> [Requirement] Take from the entries below the stretch from the line with "A close-up image" through the line with "Local Immo vous", and return it exactly, leaving the pictures out.

Stored items

════════

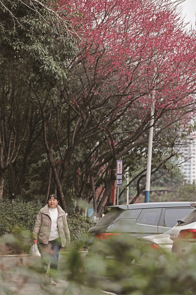 不少市民朋友聞香尋梅,倚欄賞景,那沁人心脾的紅梅花香,是春天里別樣的風(fēng)雅與樂(lè)趣。
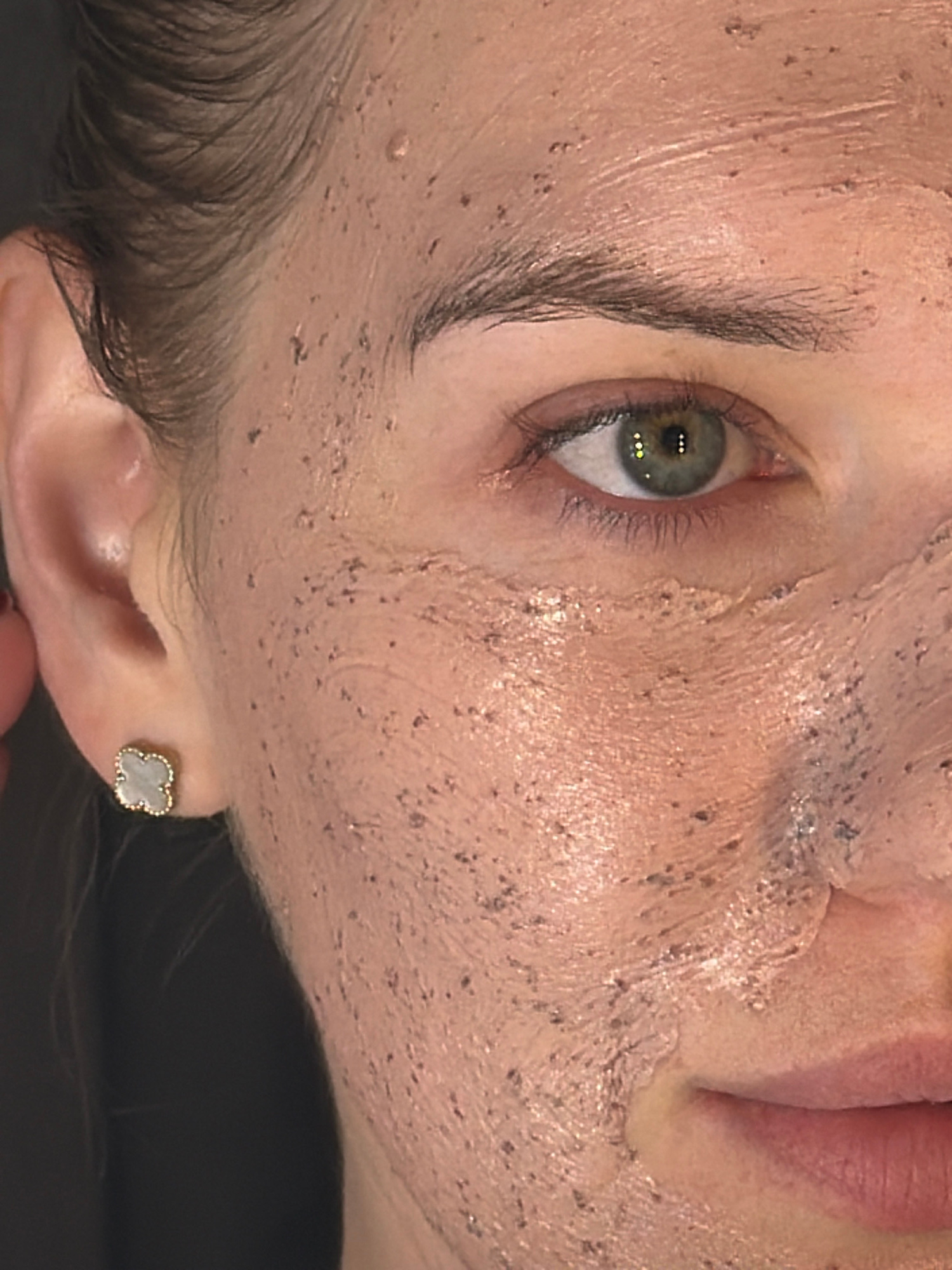 A close-up image captures a person's face covered with what appears to be a cosmetic or facial treatment. The skin is light-toned, and the treatment has a beige hue speckled with darker, possibly exfo…read more
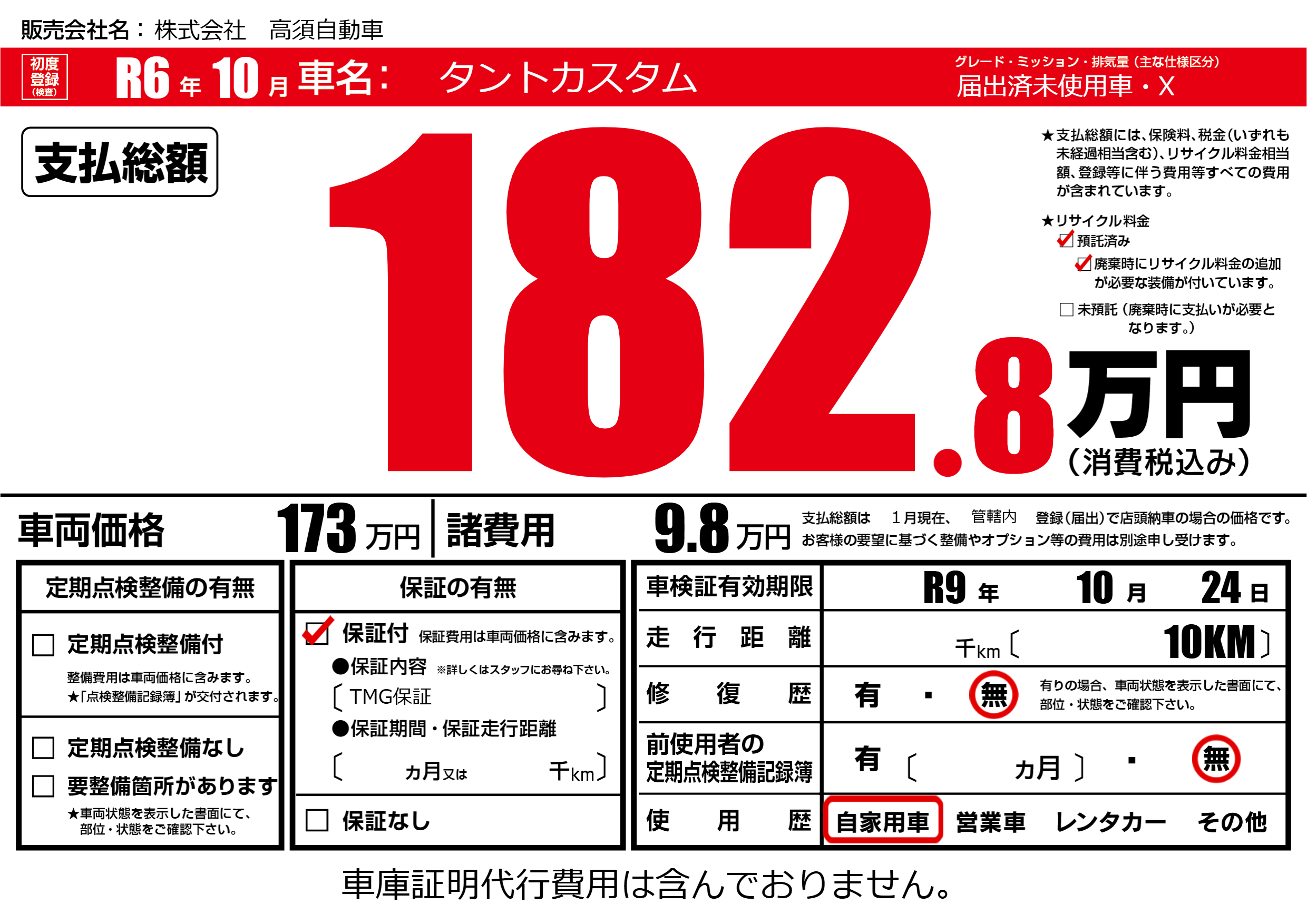 なし | 車検制限 | R9年10月24月 |
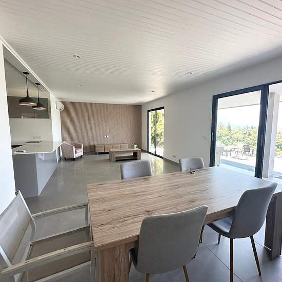 Local Immo vous propose cette magnifique villa neuf de type F6, un véritable cocon familial niché dans un environnement verdoyant, calme et paisible, offrant une splendide vue sur mer. Elle se compose de : Un grand séjour lumineux, espace convivial et accueillant. Une cuisine américaine aménagée et neuve, alliant modernité et praticité. Cinq chambres climatisées avec placards, dont une suite parentale avec salle d’eau et WC privatifs. Un vaste deck de 60 m² agrémenté d’un spa de nage de 6 mètres, idéal pour vos moments de détente. Une buande...
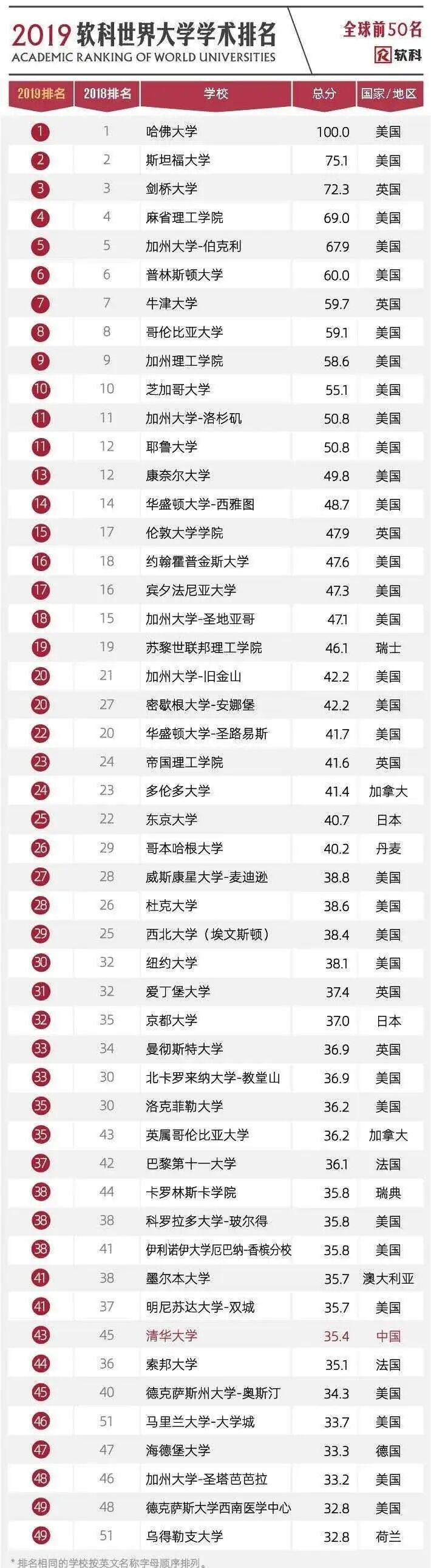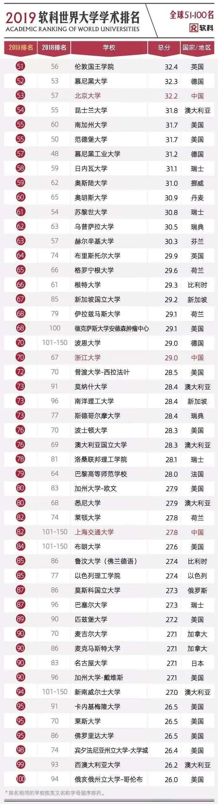 看完了2020中国大学排名后,我们和最新的软科世界大学排名做一个横向对比。下图是软科世界大学学科排名的前一百名,我们能看到中国大学前三清华大学、北京大学、浙江大学分别在45名、53名、70名。
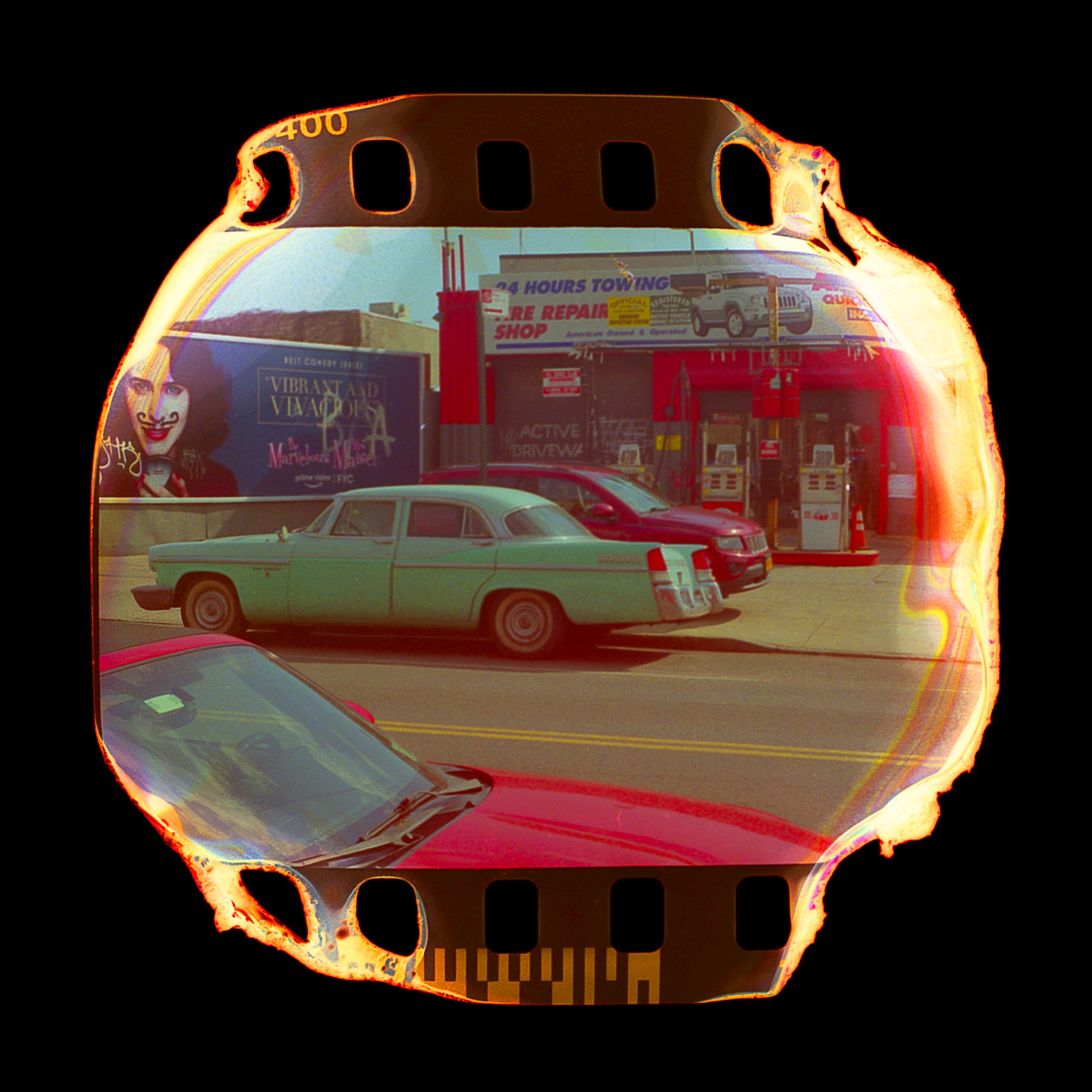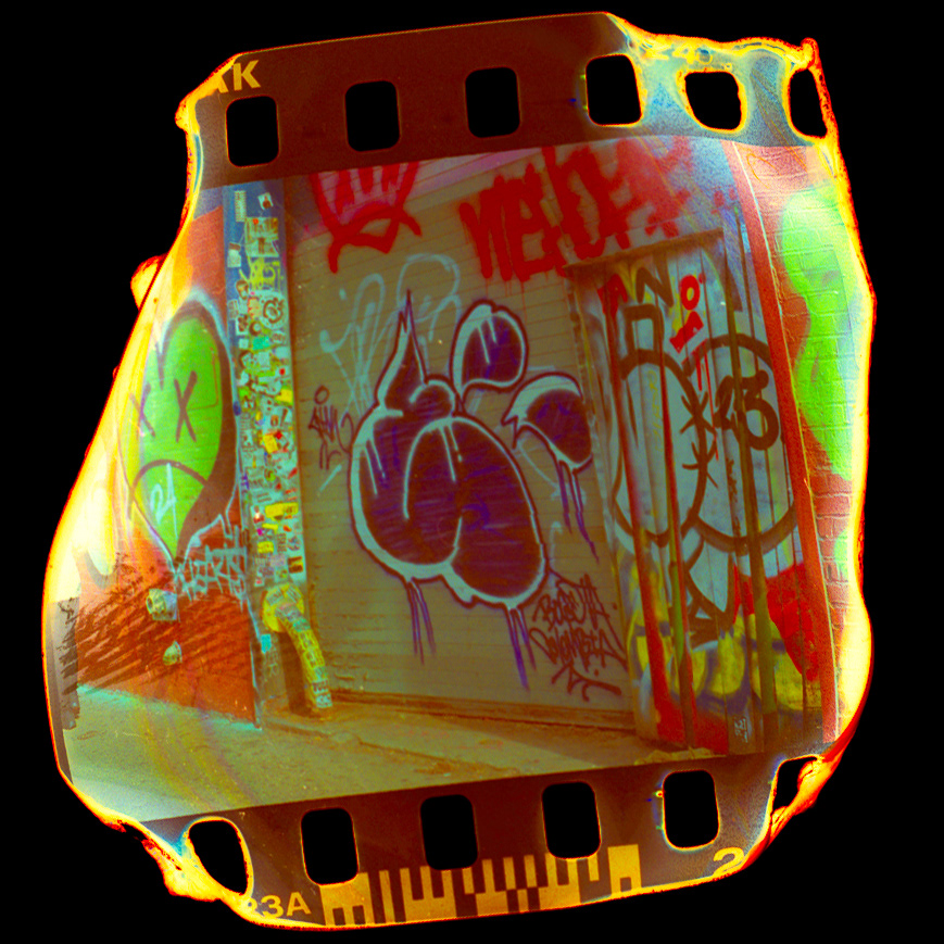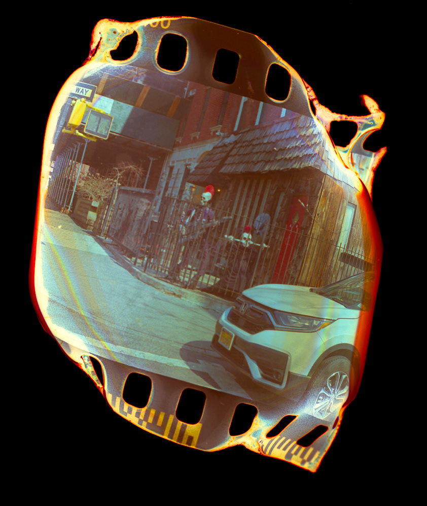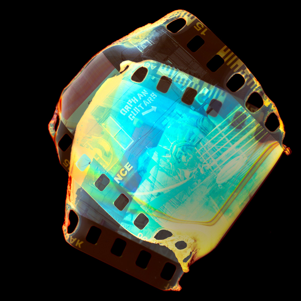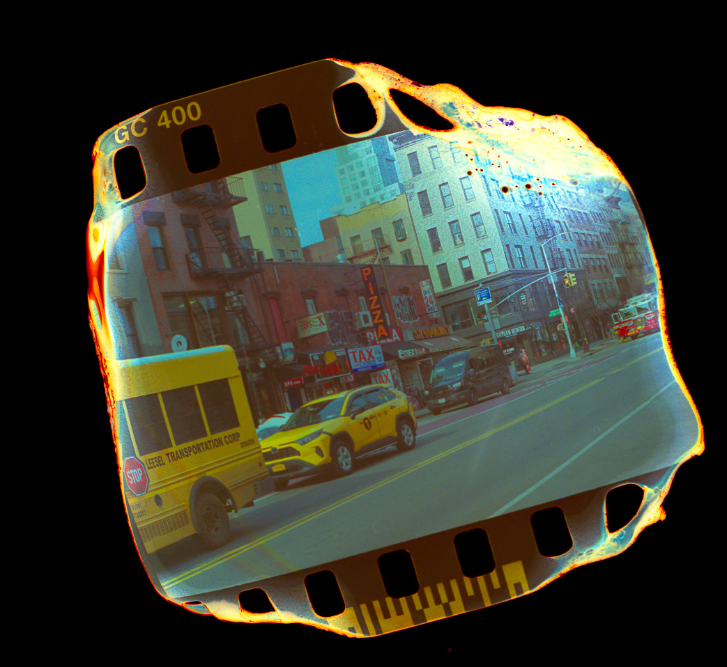 35mm film melted and burned after developing then scanned.
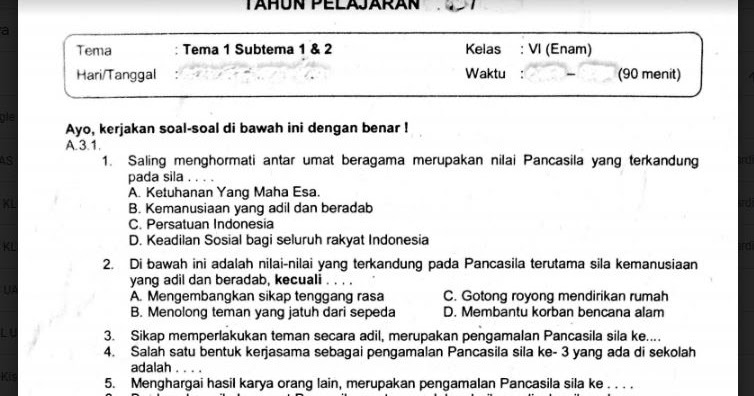 Kunci Jawaban Buku Tema 1 Kelas 5 Sub Tema 2 Pembelajaran 1 Contoh Rpp Sd Dan Soal Sd

════════

> [Reply to the task]
 A close-up image captures a person's face covered with what appears to be a cosmetic or facial treatment. The skin is light-toned, and the treatment has a beige hue speckled with darker, possibly exfo…read more
 なし | 車検制限 | R9年10月24月 |
 Local Immo vous propose cette magnifique villa neuf de type F6, un véritable cocon familial niché dans un environnement verdoyant, calme et paisible, offrant une splendide vue sur mer. Elle se compose de : Un grand séjour lumineux, espace convivial et accueillant. Une cuisine américaine aménagée et neuve, alliant modernité et praticité. Cinq chambres climatisées avec placards, dont une suite parentale avec salle d’eau et WC privatifs. Un vaste deck de 60 m² agrémenté d’un spa de nage de 6 mètres, idéal pour vos moments de détente. Une buande...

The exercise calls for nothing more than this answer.